Notification

×

iklan dekstop

Iklan

Indeks Berita

Tag Terpopuler

Tak Ada yang Salah

Minggu, 28 Juni 2020 | Juni 28, 2020 WIB Last Updated 2020-06-28T01:50:46Z

    Oleh : Ayu Mentari

Saat langkah mengalun mengiringgi hari, saat itu pula sebuah tuntutan jiwa harus tertekad dengan sebuah harap yang benar-benar diperjuangkan. Kehidupan itu semakin kita coba mengali semakin dalam pula aspek yang perlu kita kuasai. 

Tak ada yang bisa memastikan kapan jasad akan berpisah dengan roh. Kapan jasad akan terbujur tanpa bisa bergerak dan memberontak. Hidup itu bagai kilatan cahaya semakin tajam kita menatap semakin silau juga pandang yang menghalang. 

Kuncinya harus selalu percaya bahwa apa yang sedang kita titi saat ini suatu saat nanti bisa membawa kita pada penghujung yang benar-benar cerah. Jatuh itu biasa, sakit itu wajar, dan kecewa itu pasti ada tapi, jika kita terus larut dalam sebuah rasa yang membuat kita semakin risau kita seharusnya terus berusaha agar rasa yang mengganggu itu bisa enyah tanpa berbekas. 

“Hei Bas, untuk apa kau memikirkan sesuatu yang belum pasti”. Seru Johan menepuk pundaku membuat aku tersadar dari lamunan.

“Bas, ini hidup Bas, kita harus nikmatin. Jangan jatuh hanya karena pernah terluka sekali. Semakin kita sering merasa sakit semakin kita bisa belajar caranya mengobati”. Ucap Johan begitu serius.

“Johan? sejak kapan bisa berkata bijak?”. Tanyaku meledek Johan yang tiba-tiba berkata bijak. Dia tak seperti Johan biasanya yang cuek dan masa bodo dengan masalah apapun, tapi terlepas dari itu dia adalah karib yang begitu setia dan selalu bisa membuat masalah itu tak terasa begitu berat. 

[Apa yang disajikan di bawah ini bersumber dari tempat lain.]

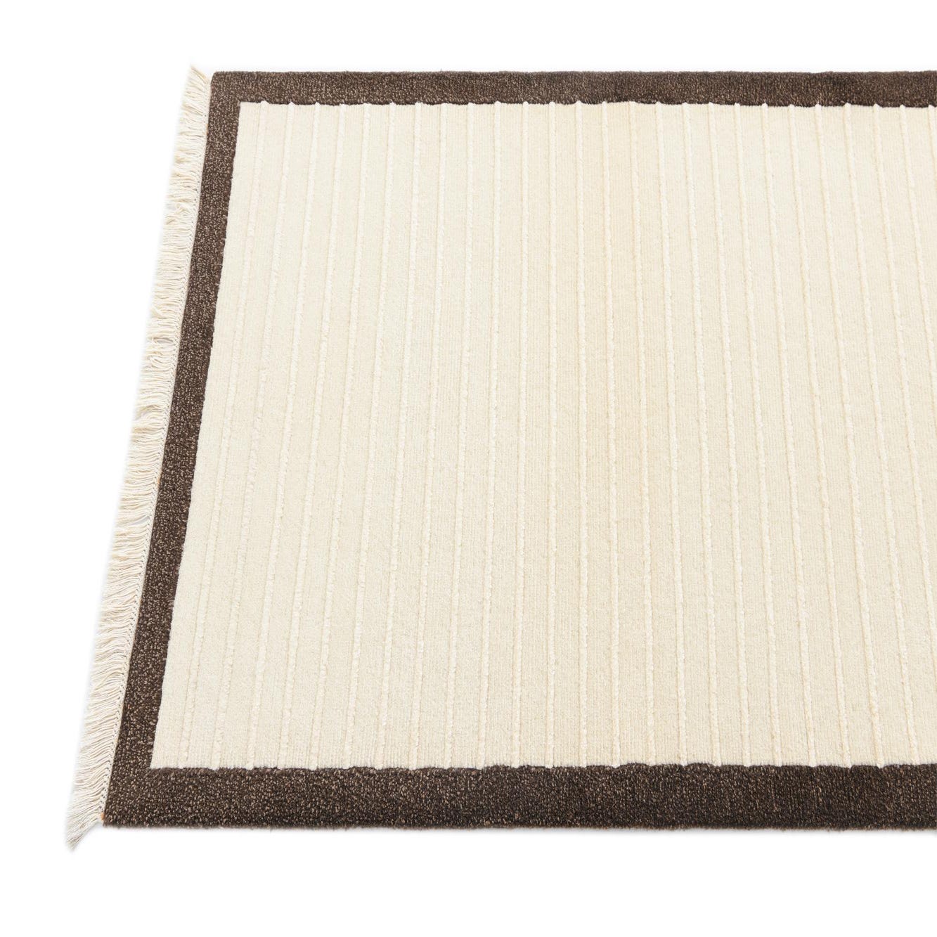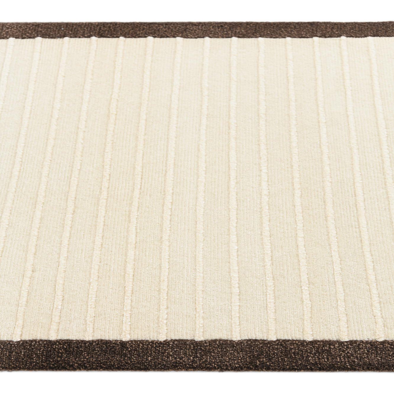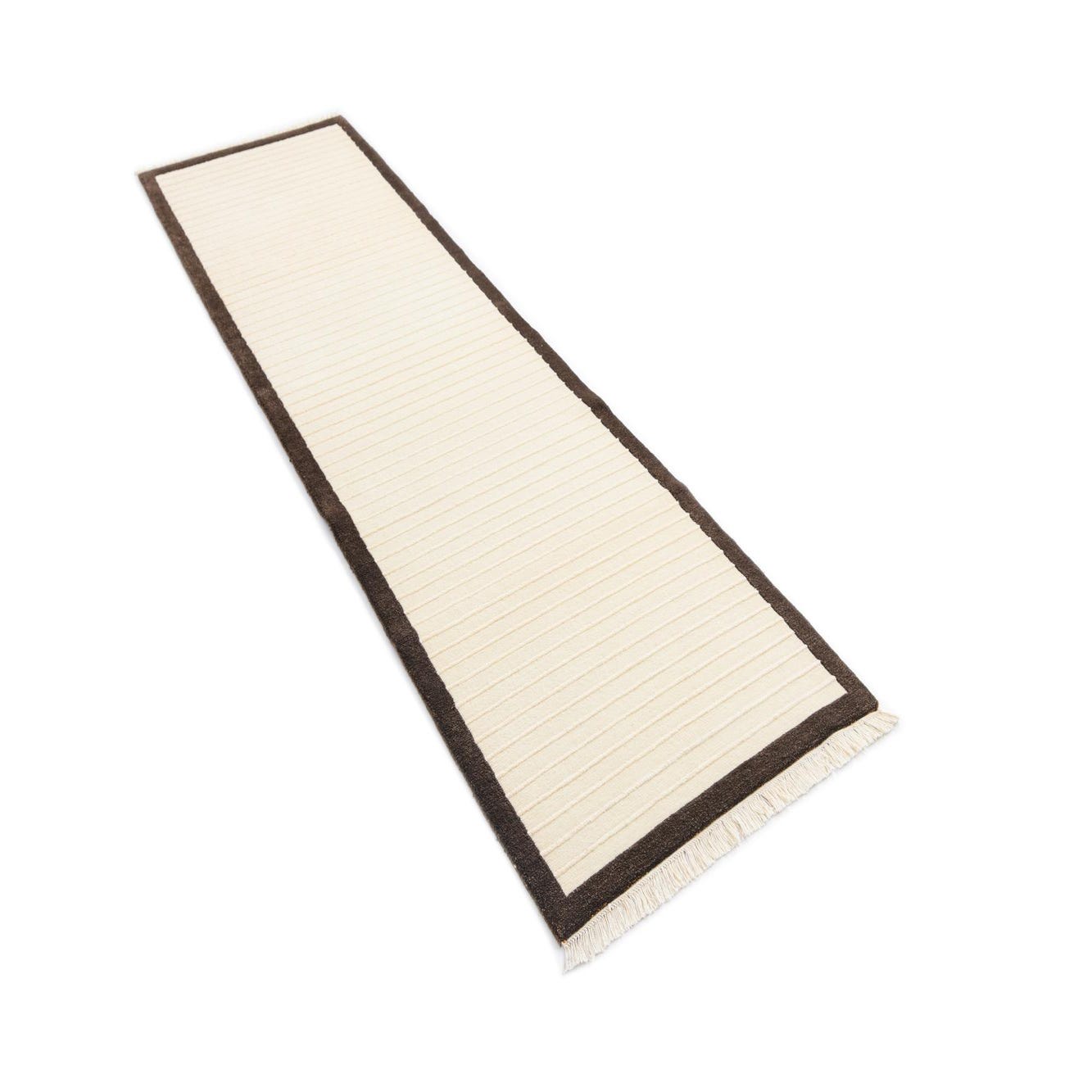 A 10 ft Darya runner rug in ivory with a dark brown border and fringe, featuring a subtle striped texture.

“Aku serius Bas. Seminggu terakhir aku perhatiakan kau bukan seperti Baslan biasanya. Kau sering melamun dan terkadang nggak fokus sama pelajaran di kelas. Apa yang dosen tanya apa yang kau jawab Bas. Baslan yang sekarang udah nggak singkron, udah nggak asyik”. Seru Johan yang terlihat geram melihatku yang uring-uringgan tak menentu. Aku hanya bisa diam tak bisa berkutik  mendengar ucapan Johan. Aku menarik nafas panjang mencoba menenangkan jiwa yang kembali diserang badai kerisauaan.
Hari ini terik matahari menyengat membuat badan lemas dan lelah. Aku duduk bersandar di teras rumah mencari udara yang bisa mendinginkan jiwa dan raga yang tengah panas. Lama aku duduk terdiam, pikiranku melayang entah kemana sampai aku tak sadar kapan ibu datang dan duduk di sebelahku.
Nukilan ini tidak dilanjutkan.